Nous partons sur Nobres, une petite ville où parait il les eaux des rivières sont très claires et très poissonneuses. On se dit que ce serait peut-être une bonne alternative à Bonito, la ville du Pantanal Sud où les tarifs pour se tremper dans un ruisseau sont prohibitifs. A Nobres, le tourisme est une activité très récente et on espère que les programmes aquatiques seront à la hauteur de nos espérances. C’est quand même à 200 km au Nord de Poconé, et le paysage est très très sec, cela fait très longtemps qu’il n’a pas plu et tous les bords de route sont brûlés, ou en train de brûler.
Nous arrivons à Nobres et nous nous faisons indiquer Bom Jardim, le village où se trouvent ces fameuses rivières. C’est à 58 km d’ici, et malheureusement, c’est de la piste comme on déteste, avec de la belle tôle ondulée et de la terre fine. Et par bonheur, sur la piste, nous trouvons juste ce qu’il faut pour calmer les nerfs et pour nous rincer de toute cette poussière. Un ruisseau au goût de paradis.
L’eau est claire, les oiseaux sont tout en couleur, les papillons virevoltent et les capucins sautent de babaçu en babaçu. Et nous sommes tous seuls tranquillou pour profiter de tout ça.
29 Août: Pourquoi ne pas rester un jour de plus ici? Nous faisons de la nage à contre courant, des pêcheurs nous offrent des fruits d’anacardier, et nous ne sommes pas pressés de faire le reste de la piste.
30 Août: Nous voilà à Bom Jardim, un village microscopique, on comprend pourquoi il n’apparait ni dans les guides, ni sur la carte. Il y a cependant une piscine naturelle magnifique qui grouille de poissons. Nous pouvons camper devant et nous sommes accueillis par une bande de capucins coquins qui n’hésitent pas à sauter sur le toit du camion pour regarder ce qu’il y a à l’intérieur. Ils fouillent tout, entrent dans la cabine, passent la tête à la moindre porte ouverte, se pendent la tête en bas et scrutent notre intérieur. Ils sont mignons avec leur petits sifflements variés et leurs mimiques qui leurs donnent des expressions humaines... mignons mais ... voleurs. Sans que je m’en aperçoive, l’un d’entre eux est entré jusqu’à moi sans faire un bruit, et nous a chapardé la boite d’oeufs.
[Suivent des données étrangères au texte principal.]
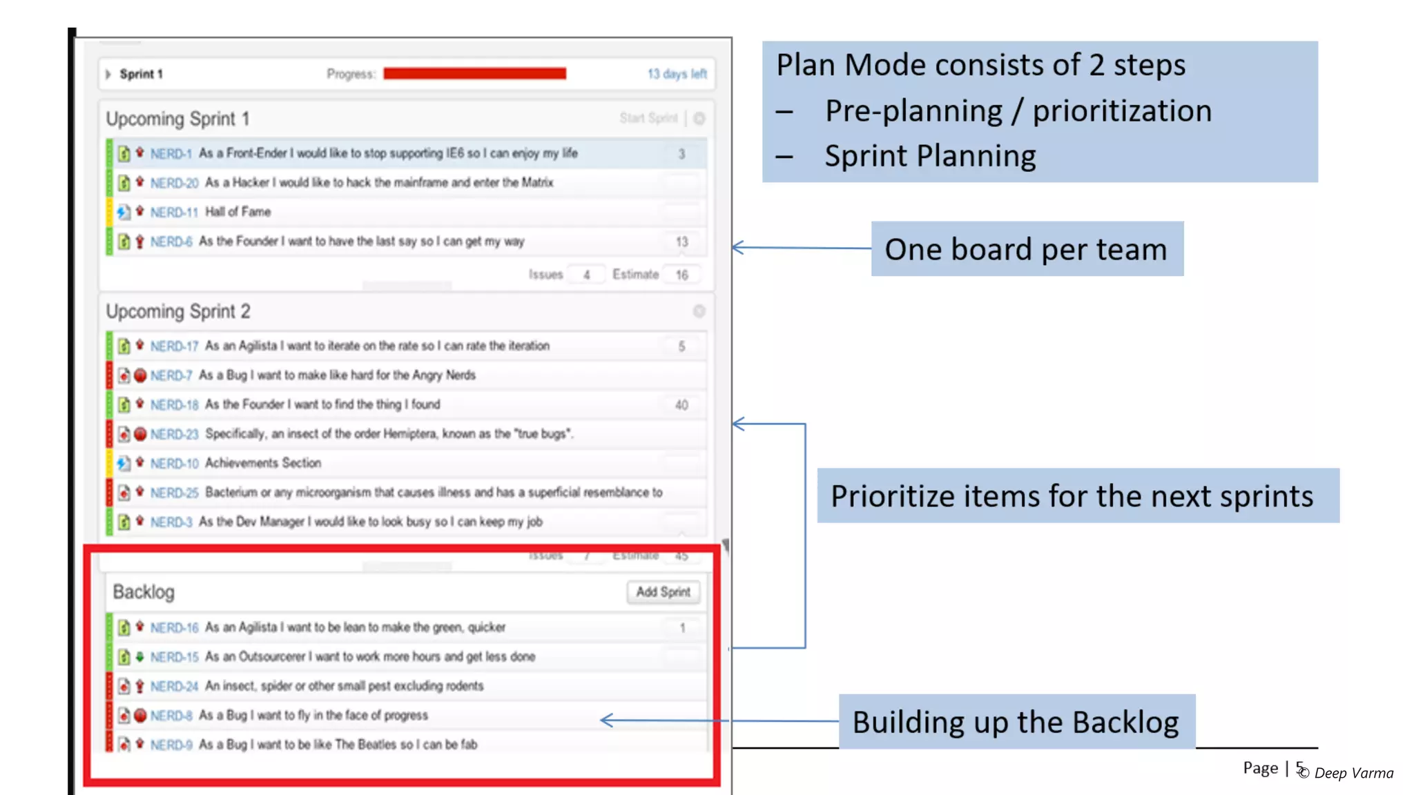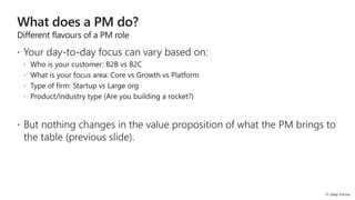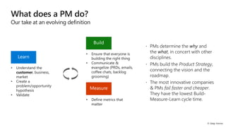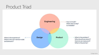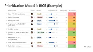 The document outlines an agenda for a product management workshop focusing on understanding customers through profiling, mapping their journeys and goals, prioritizing features based on their impact and feasibility, and developing strategies for product marketing and metrics. Customer research methods like typology and psychographics are discussed to gain insights into pain points and opportunities. An overview of agile product development processes like sprints, artifacts, and rituals is also provided.

Thille le voit partir en courant sur ses deux pattes et sans avoir eu le temps de le rattraper, le voilà qui déguste ses sept oeufs tout seul sur une branche tranquillement sous le regards envieux de ses potes.
Je ne suis pas contente du tout et lui souhaite une bonne crise de foie.
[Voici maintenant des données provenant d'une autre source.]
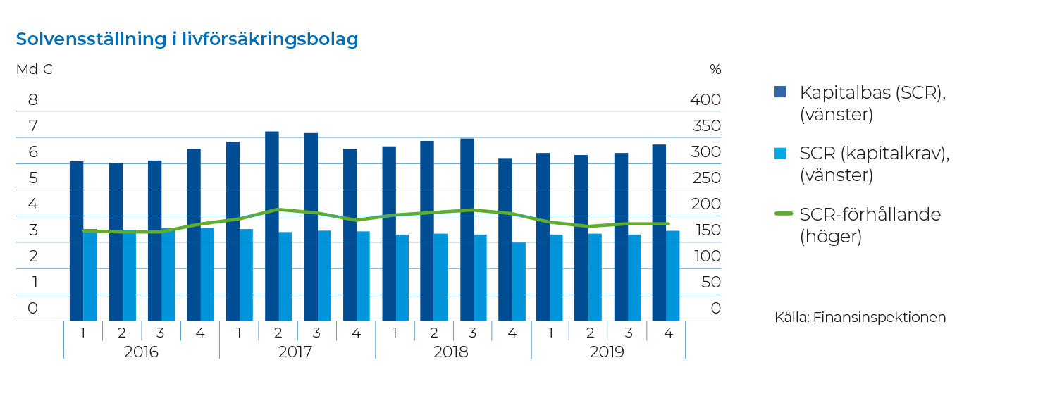 Livförsäkringssektorns solvensgrad sjönk under berättelseåret men låg trots detta på en bra nivå. Försvagningen berodde huvudsakligen på ökningen i solvenskapitalkravet. Ökningen av Nivå 2-kapitalbas lindrade dock den negativa effekten, och därmed var solvensgradens sänkning mindre än väntat.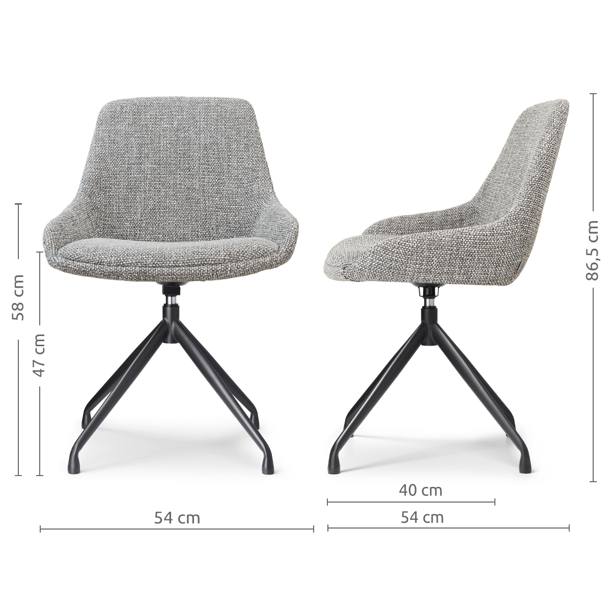 De eetkamerstoel heeft een comfortabele zitting met een sterk houten binnenwerk, waardoor je rug veel ondersteuning krijgt en je gemakkelijk een actieve zithouding aanneemt. Het gevoerde zitvlak zorgt voor veel comfort, evenals de zachte stoffen bekleding. Het metalen onderstel heeft een draaimechanisme, waardoor de zitting 360 graden op het onderstel kan draaien. Dit maakt van de Nola-Isa een uiterst functionele en flexibele stoel aan de eettafel. Maak een keuze uit de verschillende kleuren en materialen zitting, waaronder het trendy en onderhoudsvriendelijke bouclé stof, aan de hand van jouw persoonlijke smaak. De combinatie van het strakke ontwerp en de warme kleuropties van de bekleding geeft deze stoel een tijdloze, elegante uitstraling die bij elke inrichting past.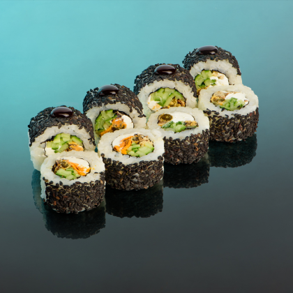 Премиум-ролл со сливочным сыром, нори, авокадо и манго,обернут ломтиками креветки и полит соусом Манго-Чили. Соевый соус приобретается отдельно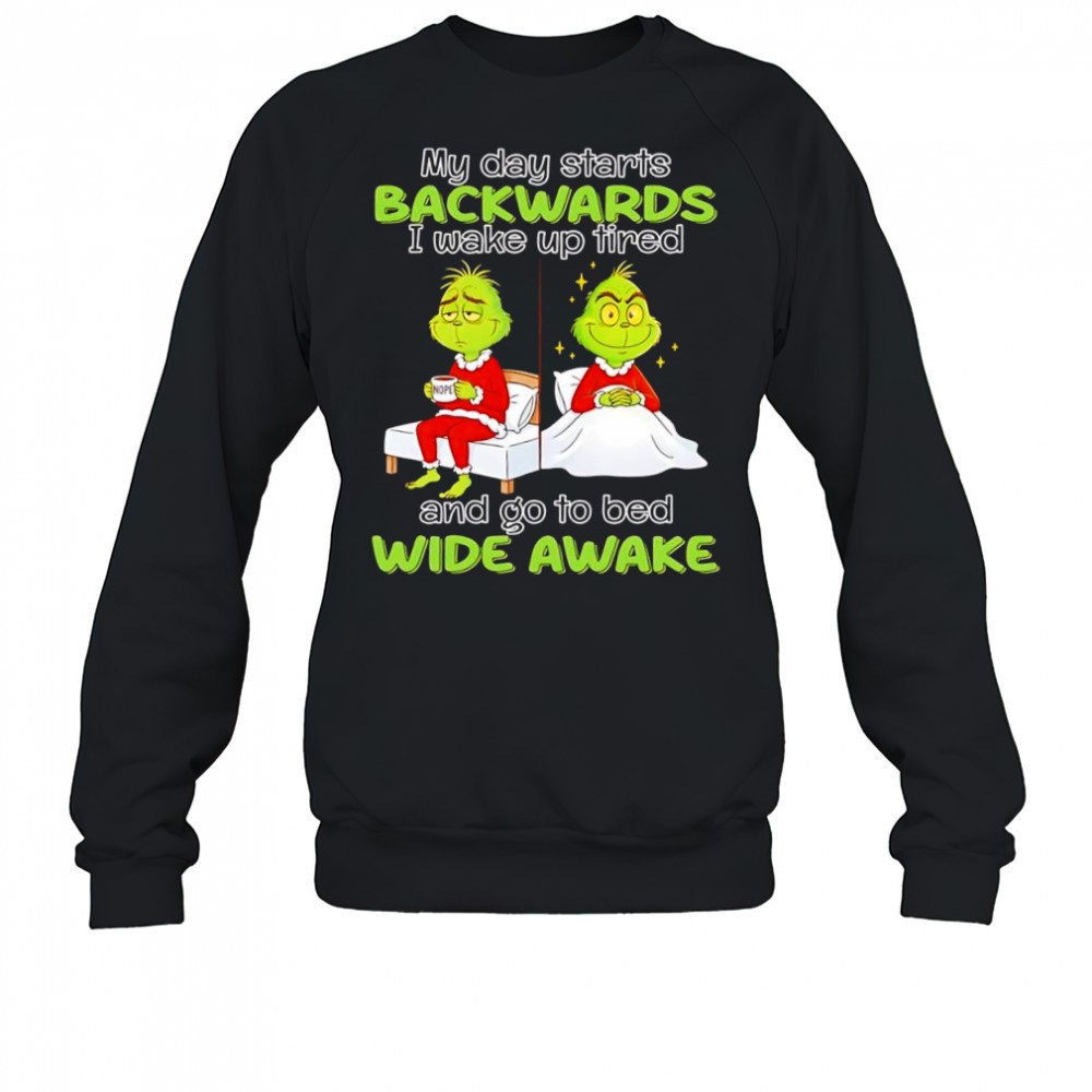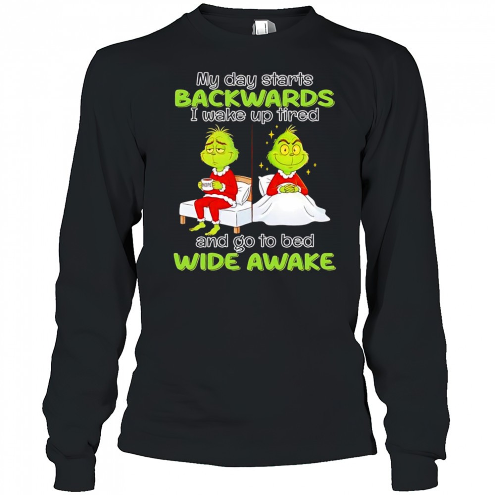 Grinch my day starts backwards i wake up tired and go to bed wide awake shirt – Copy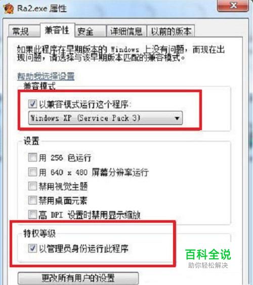 在Win10系统中红警安装目录里名为Ra2.exe的文件,右击鼠标。选择【属性】,然后在属性面板中勾选【以兼容模式运营这个程序】,并选择Windows XP(service Pack 3),再勾选下方的【以管理员身份运营此程序】,点击确定。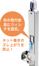 ASANOのテニスポストシリーズにおける最大の特徴は、ウインチを支柱に外付けするという形。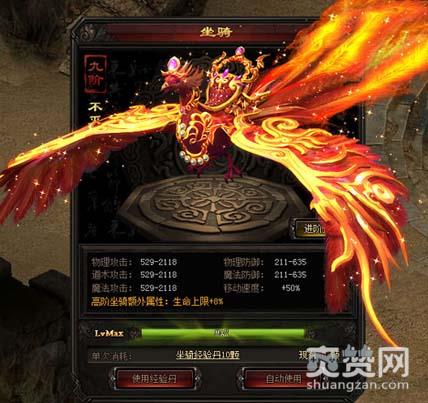 游戏中,坐骑共分十阶,每阶有十级。消耗坐骑经验丹可以增加坐骑经验,坐骑达到十级进行升阶,升阶会有一定的成功几率。 从一阶的的卢,二阶的闪电豹,到六阶的凶兽穷奇,八阶的圣火麒麟,九阶的不灭凤凰,十阶的神兽青龙。简直是让人口水流不停啊,想想都觉得兴奋,更不用说游戏中你要骑着它们进行各种活动了。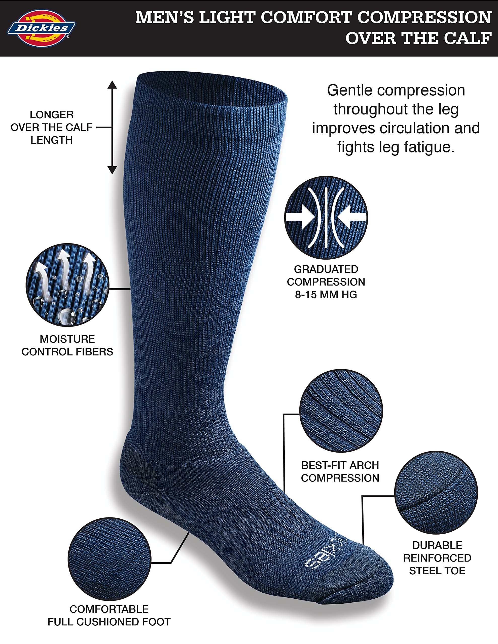 Description Dickies light weight comfort compression socks for men circulation is engineered with gentle mild compression throughout the leg to improve circulation and fight leg fatigue. Compression socks are not too tight or hard to get it on and fit well, these socks are mild compression grade between 8~15mmHg. Over the calf compression socks constructed with moisture control fibers, compression sock help improve performance, fast recovery, increase blood circulation and reduce fatigue. Perfect for long flight travel, long hour shifts, teachers, and seniors. For Over 95 Years Dickies has been making hard-duty work products built to stand up to whatever life throws at you. Dickies Work Socks are built with purpose to deliver superior comfort and performance on and off the job.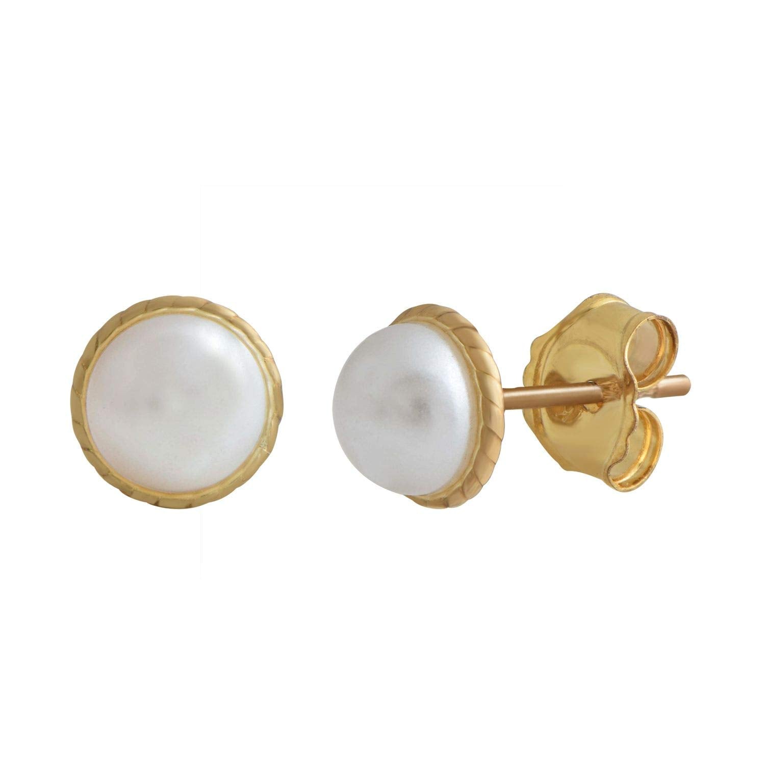 Jewelili 10K Yellow Gold With Round Glass Pearl Cubic Zirconia Stud Earrings

Du coup, on planque tout car ils deviennent envahissants et l’un d’entre eux, le dominant et le plus gros est limite agressif, il me prend ma boite de biscuit des mains, je ne lâche pas mais il a une force incroyable et tire fort de son côté en montrant ses dents. Il finit par lâcher prise en même temps que moi, et dans mon élan, la boite valdingue et tous nos biscuits se retrouvent par terre. Là, il faut faire vite pour ne pas se faire tout chiper, les voilà qui débarquent! La guerre est ouverte les gars, Thille reçoit une belle crotte sur le bras, ils balancent leurs restes sur le toit, alors nous sommes obligés de chasser cette bande de voyous. Ils sont trop habitués apparemment à ce que les guides qui passent ici pour emmener les touristes à la rivière s’arrêtent et leur donnent des oeufs et des bananes pour amuser les clients. Pas très reconnaissants et mauvais caractère!
On se fait accoster par un guide, un de ceux qui entretient les mauvaises habitudes de ces petits cons de singes car il les nourrit avec ses clients Canadiens, comme s’ils n’avaient pas assez bouffé!
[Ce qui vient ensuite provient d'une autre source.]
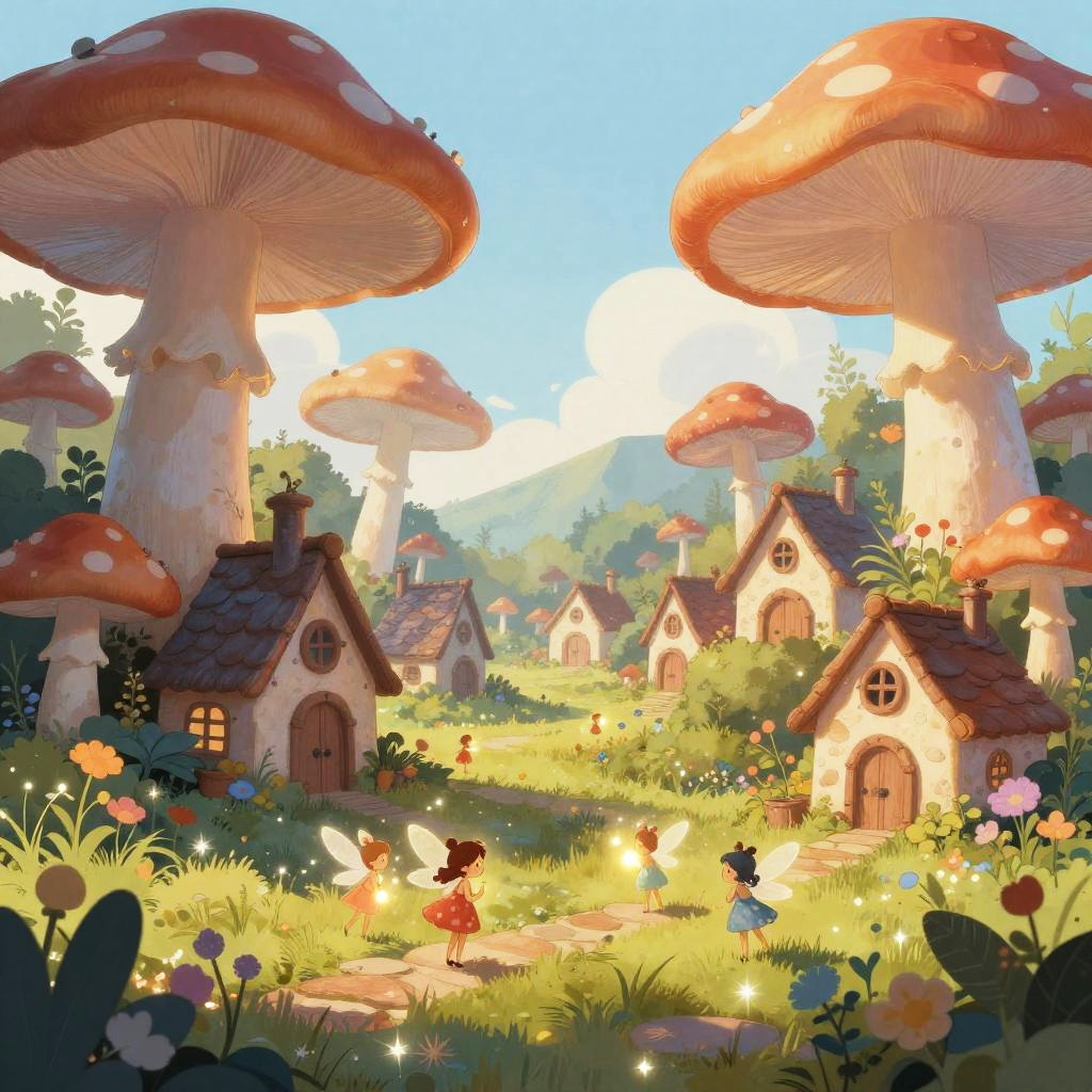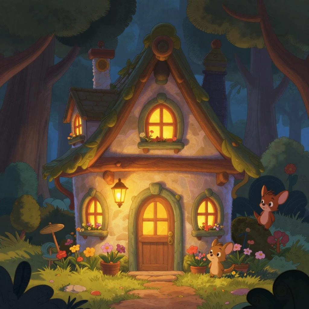 Whimsical, brightly-lit fairy-tale cottage in a dark forest, with glowing windows, colorful flowers, a deer, and a small mouse

Mais bon, ça fait partie du jeu, c’est tellement rigolo de les voir marcher sur leurs pattes arrières les mains remplies des cadeaux offerts par les humains qu’on a rien à dire, nous avons déjà joué à ça aussi...
Ils nous parle d’une rivière très belle à l’eau claire pleine de poissons où on se laisse emporter par le courant sur plus d’un kilomètre. On ne peux y aller seuls puisque l’endroit se trouve sur une propriété privée et il faut obligatoirement payer un guide. On se demande bien s’il existe un seul bel endroit ouvert au public qui ne soit pas payant ou sur une propriété privée au Brésil. Tous ces beaux coins se trouvent dans des fazendas et ils ne se gênent pas pour taper fort sur les prix.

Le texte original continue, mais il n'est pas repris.